A perspective on the issues affecting social impact investing – 2011 (Archive Copy)

This document featured on my LinkedIn page for some time, ostensibly to highlight to certain individuals that I am far from a “new convert” to social and sustainable investment, but I felt that after almost 15 years it is time to remove this in order to make room for other content which is perhaps a little more relevant to the work which I am currently doing. Nevertheless, I feel that this was an important examination of the situation at the time, even if only to a small group of interested parties. I may not agree with everything I then stated, I am a tad older and hopefully a little wiser than I once was.

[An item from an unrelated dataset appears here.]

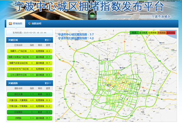 哪些區(qū)域堵車,哪條路堵車,堵車多嚴(yán)重……從4月1日開始,你可以通過查詢寧波交通擁堵狀況,合理規(guī)劃自己的出行。本次發(fā)布范圍包括市三區(qū)和鄞州中心區(qū)的主要道路、繞城高速和杭甬高速部分路段。目前已界定道路網(wǎng)絡(luò)主要包括9條城市快速路段,88條城市主干路段和583條城市次干路段,以及其它道路路段。每5分鐘數(shù)據(jù)更新一次。

Arguably this was the paper that started me off on the journey to achieving my PhD 14 years later, yet I still can’t (won’t) write like an academic.

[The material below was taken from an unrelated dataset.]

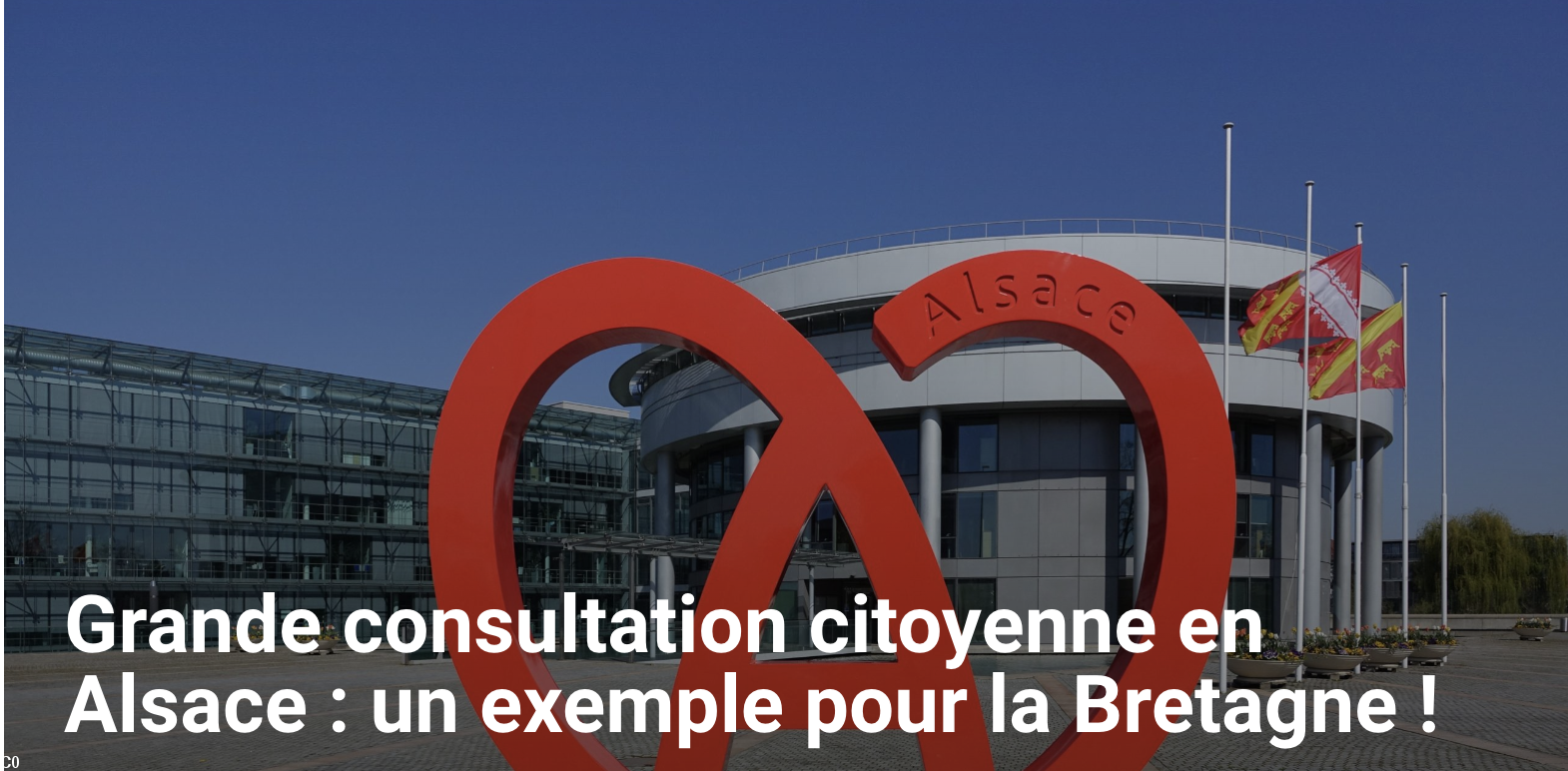 L’Alsace lance une « grande consultation citoyenne » pour un modèle original de régionalisation : une expérience qui devrait inspirer la Bretagne En janvier 2023, la Collectivité européenne d’Alsace, issue de la fusion des anciens conseils départementaux du Bas-Rhin et du Haut-Rhin, avait organisé une consultation citoyenne sur la question de la reconstitution d’une Région Alsace à part

The intention was to have this handed to the then Secretary of State for Work and Pensions (IDS, now Sir IDS) in Edinburgh when he visited for an event organised by the group who asked me to write the paper. Given that his proposed benefits system reforms were less than popular, the event didn’t quite go according to plan. Angry protestors and projectile eggs may make for interesting media coverage but they can play havoc with organisational factors: The SOS came in through the rear entrance rather than face the crowd outside…and he never received his copy. I was interested (surprised) to see some of my words appear in someone else’s work a few years later. Imitation, it is said, is the sincerest form of flattery: Plagiarism is not.

Interestingly, social impact investments did get their tax breaks 3 years later (2014), in the form of SITR. This was (possibly, speculation) the least-used tax efficient strategy ever cooked up in the bowels of the Treasury. Nevertheless, the idea I presented here was not necessarily out of place with the thinking of the time (I would now argue that our language concerning the perpetual need for tax breaks for interventionist investments is part of the cause rather than a solution). Similarly, the idea of Government underwriting of social impact bonds is also something which has been experimented with, at least in Scotland. The Peterborough project came and went. (Government created an in house model which was not compatible with the SIB funding model so the project was scrapped. The in-house model has seen reoffending increase rather than decrease, in contrast with the SIB model which saw a 6% decrease in reoffending.) And we now have a “new” (2013) financial services regulator, which still tries to keep any form of direct impact investment as far from retail investors as it possibly can. In many cases for good reason, but there is an argument for consumer choice for those who have the capacity and willingness to invest. The financial planning community still avoids such investments like they have some kind of disease (see my thesis).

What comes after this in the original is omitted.